=== RECORDS FOR PROCESSING ===

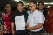 Ketua Tim Hukum Prabowo-Sandi, Bambang Widjojanto (kedua kanan) menunjukkan berkas tanda terima pengajuan perbaikan permohonan sengketa hasil Pilpres 2019 di gedung MK, Jakarta, Senin (10/6/2019). Tim kuasa hukum Prabowo-Sandi menyerahkan perbaikan permohonan sengketa hasil Pilpres 2019 serta dokumen-dokumen yang diperlukan diantaranya C1 serta bukti-bukti lainnya. ANTARA FOTO/Dhemas Reviyanto/hp.
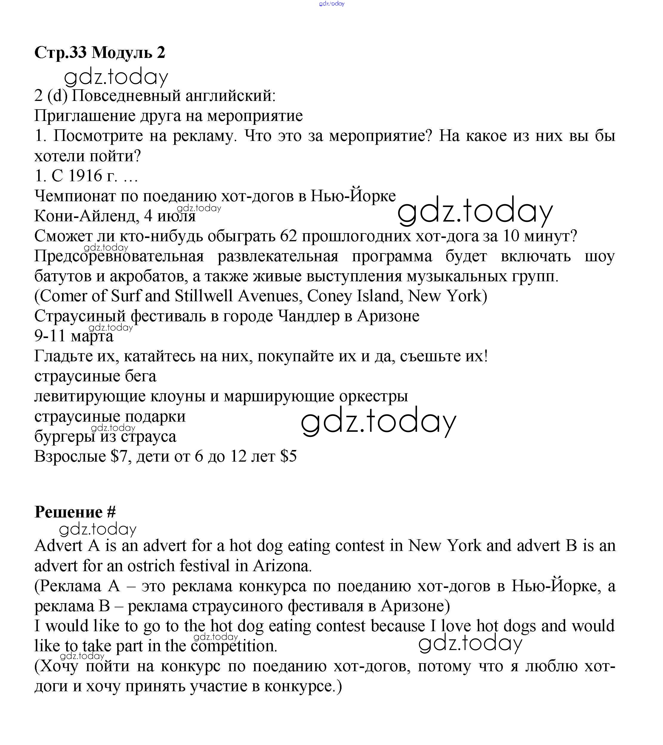 На страницах сайта gdz.today вы найдете учебный и вспомогательный материал, направленный на улучшения знаний школьной программы. ГДЗ - онлайн мир знаний Решение к Module 2. Extreme facts стр.33 Учебнику по Английскому языку для 9 класса Баранова, Дули Углубленный уровень Просвещение Starlight 2017
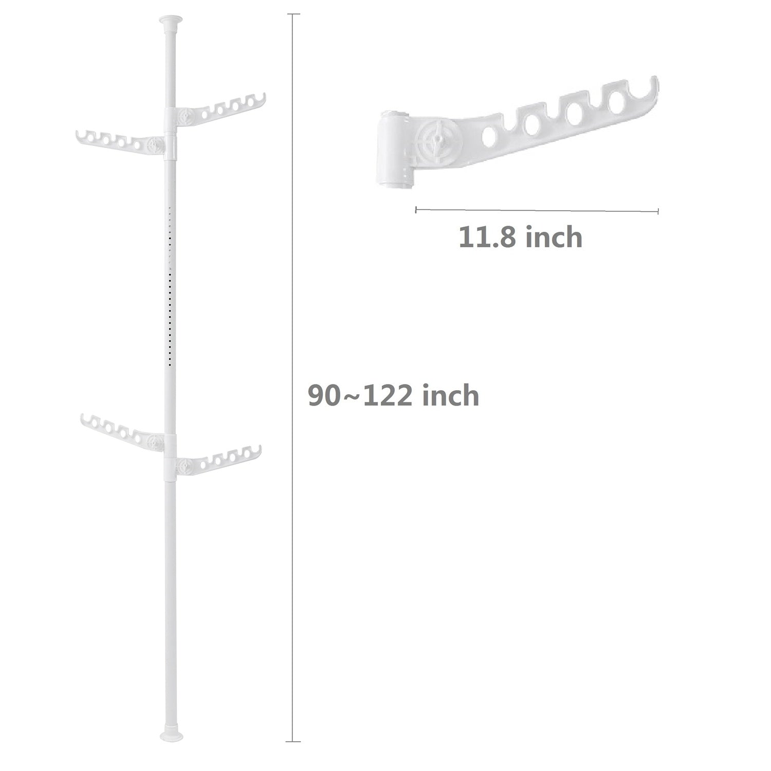 ADJUSTABLE SIZE: Our versatile coat hanger stand offers customizable height options, ranging from 65 inches to 124 inches vertically. Additionally, the inclusion of 6 adjustable hooks on the side ensures effortless accommodation of garments of varying lengths. Whether it's a bulky winter coat or a delicate dress, our coat rack stand provides ample space without touching the floor. The vertical rods are thoughtfully designed with springs, allowing for easy extension or contraction based on your needs. With these features, our coat rack, alongside the hat stand, guarantees a tailored storage solution for your wardrobe essentials.
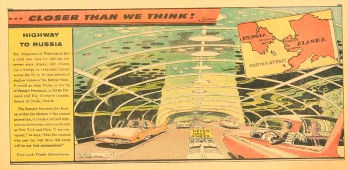 А вот автомобили-беспилотники и электромобили можно с полным правом посчитать сбывшимися предсказаниями. Ожидается, что в ближайшее время наши дороги будут заполнены ими. Правда, автомагистраль, соединяющая Россию и Аляску, как на рисунке ниже, пока еще даже не спроектирована.
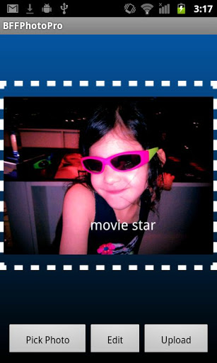 facebook Photos on your Phone. View, edit, upload and save photos.Everything you want to do with Facebook Photos.Including photo uploads and tagging photos.Ready for Halloween.Use special effects to create and upload GHOSTLY PHOTOSChoose Upload, pick photo, and edit.Choose EFFECTS and Negative.Save your result and upload to Facebook.This version has ads.Now includes photo editing.You can add effects and text to your photos before uploading.Check the video demo.Feature List: Take amp; upload photos Edit Photod Create Albums on the fly Tag a Photo immediately after upload Browse Your Albums See Tagged Photos of You View Friends39; Albums View Your Facebook Page Photos Save Photos to the phone Upload videosThis version includes a number of performance improvements, but photo files are large and the initial download of albums with many photos may seem like it taking a long time. Wifi and good internet connections helpThings will be faster after the first download of photos.The best place for updates, support, and other info is our app Facebook page at http:www.facebook.comBFFPhotoIt is not possible to respond to market comments, so posting on the Facebook page is a good option to report problems or issues.You may also notice a few people saying how much they love this app.You can also email help@bffmedia.comBFF Android, BffPhoto, Bff Photo, Bff Photo Pro
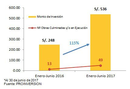 En el segundo semestre de 2017 se prevé que el monto adjudicado se incremente sustancialmente, considerando el dinamismo en la cartera de proyectos de los Gobiernos Regionales, Gobiernos Locales y los ministerios, agregó el Director Ejecutivo de ProInversión.
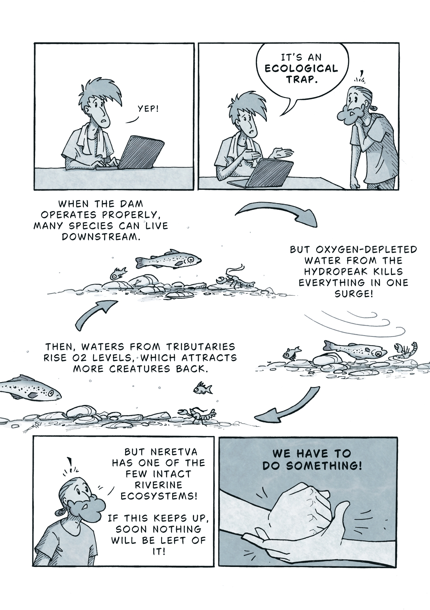 The story of this comic is partially inspired by and partially retells events that transpired in connection to a massive fish kill-off on the Neretva River in Bosnia and Herzegovina on 12th September 2025.
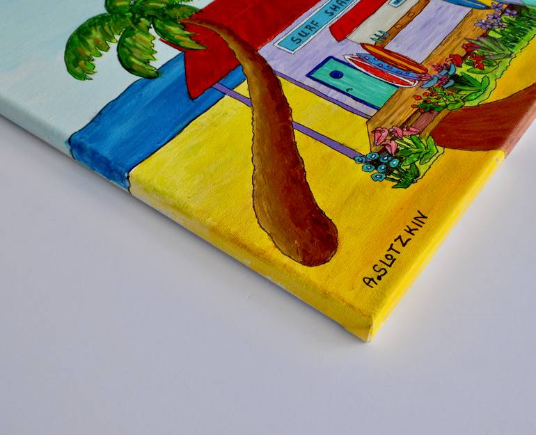 I been living in Hawaii most of my life [ feel very lucky ] . The first thing you notice when you arrive here are the bright colors that all around you ,the flowers the ocean and the sky always bright. So for my painting.....always very bright colors ,I work in acrylic and ink and mostly paint some thing that connected to the ocean. I consider my style folk or naive style ,I like to call it a cheerful style.
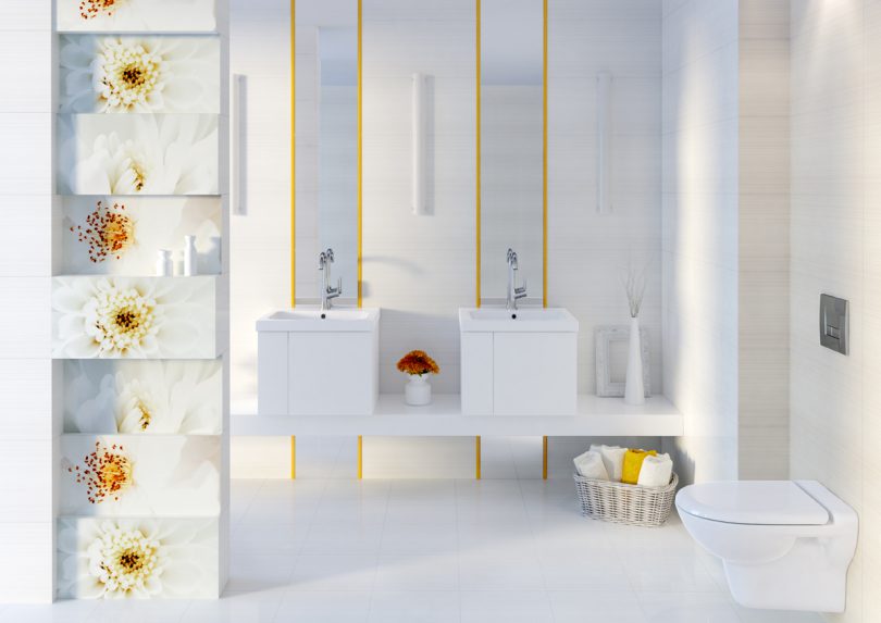 Для того чтобы зрительно прибавить высоту стенам, дизайнеры рекомендуют использовать белый кафель или светлые оттенки. Декоративные бордюры будут уместны, но они не должны быть слишком контрастными относительно основного цвета стен.
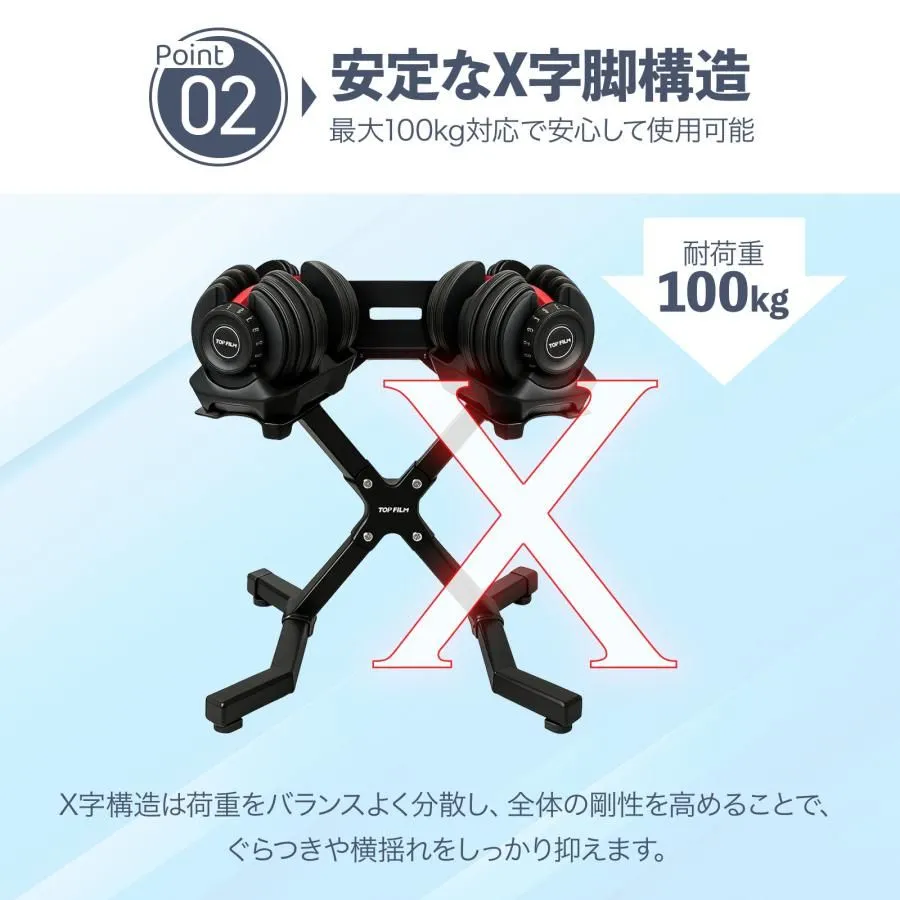 負担軽減✨ダンベルスタンド 耐荷重100kg タブレットスタンド搭載 X字スタンド

===

Without altering a word, return all of the records above and leave out their pictures.

▶ **ANSWER SPACE**:
 Ketua Tim Hukum Prabowo-Sandi, Bambang Widjojanto (kedua kanan) menunjukkan berkas tanda terima pengajuan perbaikan permohonan sengketa hasil Pilpres 2019 di gedung MK, Jakarta, Senin (10/6/2019). Tim kuasa hukum Prabowo-Sandi menyerahkan perbaikan permohonan sengketa hasil Pilpres 2019 serta dokumen-dokumen yang diperlukan diantaranya C1 serta bukti-bukti lainnya. ANTARA FOTO/Dhemas Reviyanto/hp.
 На страницах сайта gdz.today вы найдете учебный и вспомогательный материал, направленный на улучшения знаний школьной программы. ГДЗ - онлайн мир знаний Решение к Module 2. Extreme facts стр.33 Учебнику по Английскому языку для 9 класса Баранова, Дули Углубленный уровень Просвещение Starlight 2017
 ADJUSTABLE SIZE: Our versatile coat hanger stand offers customizable height options, ranging from 65 inches to 124 inches vertically. Additionally, the inclusion of 6 adjustable hooks on the side ensures effortless accommodation of garments of varying lengths. Whether it's a bulky winter coat or a delicate dress, our coat rack stand provides ample space without touching the floor. The vertical rods are thoughtfully designed with springs, allowing for easy extension or contraction based on your needs. With these features, our coat rack, alongside the hat stand, guarantees a tailored storage solution for your wardrobe essentials.
 А вот автомобили-беспилотники и электромобили можно с полным правом посчитать сбывшимися предсказаниями. Ожидается, что в ближайшее время наши дороги будут заполнены ими. Правда, автомагистраль, соединяющая Россию и Аляску, как на рисунке ниже, пока еще даже не спроектирована.
 facebook Photos on your Phone. View, edit, upload and save photos.Everything you want to do with Facebook Photos.Including photo uploads and tagging photos.Ready for Halloween.Use special effects to create and upload GHOSTLY PHOTOSChoose Upload, pick photo, and edit.Choose EFFECTS and Negative.Save your result and upload to Facebook.This version has ads.Now includes photo editing.You can add effects and text to your photos before uploading.Check the video demo.Feature List: Take amp; upload photos Edit Photod Create Albums on the fly Tag a Photo immediately after upload Browse Your Albums See Tagged Photos of You View Friends39; Albums View Your Facebook Page Photos Save Photos to the phone Upload videosThis version includes a number of performance improvements, but photo files are large and the initial download of albums with many photos may seem like it taking a long time. Wifi and good internet connections helpThings will be faster after the first download of photos.The best place for updates, support, and other info is our app Facebook page at http:www.facebook.comBFFPhotoIt is not possible to respond to market comments, so posting on the Facebook page is a good option to report problems or issues.You may also notice a few people saying how much they love this app.You can also email help@bffmedia.comBFF Android, BffPhoto, Bff Photo, Bff Photo Pro
 En el segundo semestre de 2017 se prevé que el monto adjudicado se incremente sustancialmente, considerando el dinamismo en la cartera de proyectos de los Gobiernos Regionales, Gobiernos Locales y los ministerios, agregó el Director Ejecutivo de ProInversión.
 The story of this comic is partially inspired by and partially retells events that transpired in connection to a massive fish kill-off on the Neretva River in Bosnia and Herzegovina on 12th September 2025.
 I been living in Hawaii most of my life [ feel very lucky ] . The first thing you notice when you arrive here are the bright colors that all around you ,the flowers the ocean and the sky always bright. So for my painting.....always very bright colors ,I work in acrylic and ink and mostly paint some thing that connected to the ocean. I consider my style folk or naive style ,I like to call it a cheerful style.
 Для того чтобы зрительно прибавить высоту стенам, дизайнеры рекомендуют использовать белый кафель или светлые оттенки. Декоративные бордюры будут уместны, но они не должны быть слишком контрастными относительно основного цвета стен.
 負担軽減✨ダンベルスタンド 耐荷重100kg タブレットスタンド搭載 X字スタンド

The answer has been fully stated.